## What to do
The output should match, line for line, the records from the line containing "Kétszáz adag étel" through the line containing "قدرت مديرية الزراعة", with every picture left out.

(Stored items from a collection)
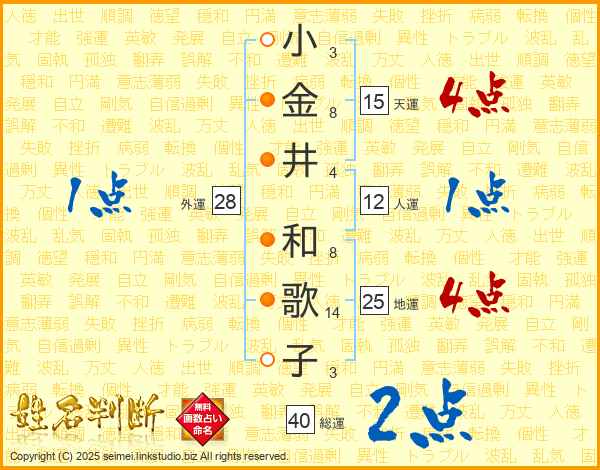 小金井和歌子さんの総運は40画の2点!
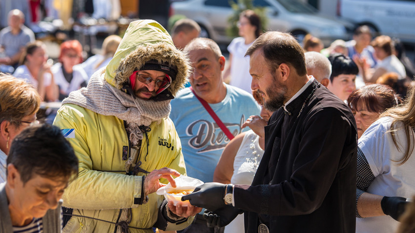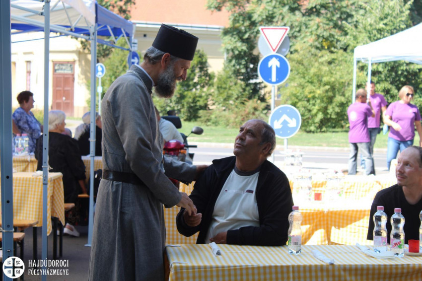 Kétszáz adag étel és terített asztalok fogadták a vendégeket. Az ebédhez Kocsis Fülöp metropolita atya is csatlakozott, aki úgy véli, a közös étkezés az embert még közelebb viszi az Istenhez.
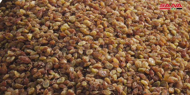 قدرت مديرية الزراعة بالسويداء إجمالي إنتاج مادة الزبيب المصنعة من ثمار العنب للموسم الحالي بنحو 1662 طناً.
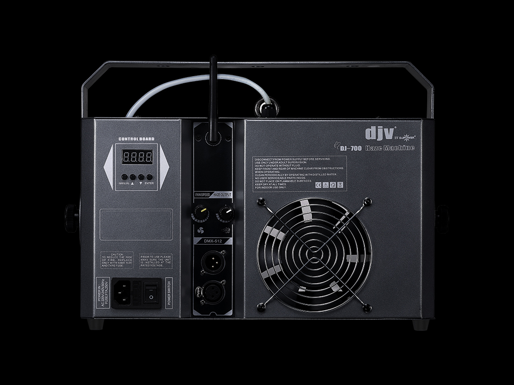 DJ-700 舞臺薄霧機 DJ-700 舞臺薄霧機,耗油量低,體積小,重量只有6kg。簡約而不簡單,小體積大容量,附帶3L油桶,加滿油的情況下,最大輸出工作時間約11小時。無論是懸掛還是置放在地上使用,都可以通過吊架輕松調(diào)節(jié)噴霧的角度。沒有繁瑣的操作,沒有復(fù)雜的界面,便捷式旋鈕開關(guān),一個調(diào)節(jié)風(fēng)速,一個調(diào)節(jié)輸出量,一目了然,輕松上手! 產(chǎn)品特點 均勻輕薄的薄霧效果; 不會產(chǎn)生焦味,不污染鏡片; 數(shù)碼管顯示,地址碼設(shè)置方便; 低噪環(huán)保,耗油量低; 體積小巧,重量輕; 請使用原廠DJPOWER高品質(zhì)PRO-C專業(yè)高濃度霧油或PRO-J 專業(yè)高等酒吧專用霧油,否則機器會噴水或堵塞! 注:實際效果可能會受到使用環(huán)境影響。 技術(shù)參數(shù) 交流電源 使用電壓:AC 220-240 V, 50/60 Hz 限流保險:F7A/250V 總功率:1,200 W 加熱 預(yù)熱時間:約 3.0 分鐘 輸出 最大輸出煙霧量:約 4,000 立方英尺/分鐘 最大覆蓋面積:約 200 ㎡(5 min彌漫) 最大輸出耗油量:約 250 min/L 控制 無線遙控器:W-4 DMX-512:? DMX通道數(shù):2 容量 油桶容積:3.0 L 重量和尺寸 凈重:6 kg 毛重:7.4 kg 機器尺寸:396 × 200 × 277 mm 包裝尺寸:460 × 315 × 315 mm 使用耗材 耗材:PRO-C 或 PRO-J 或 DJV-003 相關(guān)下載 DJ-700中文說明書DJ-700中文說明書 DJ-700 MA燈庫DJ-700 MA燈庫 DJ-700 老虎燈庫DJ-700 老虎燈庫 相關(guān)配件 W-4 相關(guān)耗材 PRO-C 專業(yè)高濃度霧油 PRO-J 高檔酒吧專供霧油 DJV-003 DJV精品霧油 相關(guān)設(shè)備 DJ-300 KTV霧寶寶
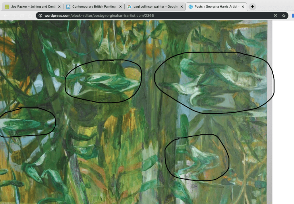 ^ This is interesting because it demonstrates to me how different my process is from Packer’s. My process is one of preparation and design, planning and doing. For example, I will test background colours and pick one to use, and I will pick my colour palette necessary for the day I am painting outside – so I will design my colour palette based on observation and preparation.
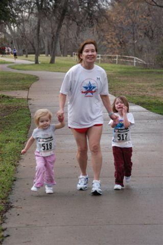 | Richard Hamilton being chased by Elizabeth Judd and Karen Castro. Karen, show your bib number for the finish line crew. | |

## Result of the exercise
 Kétszáz adag étel és terített asztalok fogadták a vendégeket. Az ebédhez Kocsis Fülöp metropolita atya is csatlakozott, aki úgy véli, a közös étkezés az embert még közelebb viszi az Istenhez.
 قدرت مديرية الزراعة بالسويداء إجمالي إنتاج مادة الزبيب المصنعة من ثمار العنب للموسم الحالي بنحو 1662 طناً.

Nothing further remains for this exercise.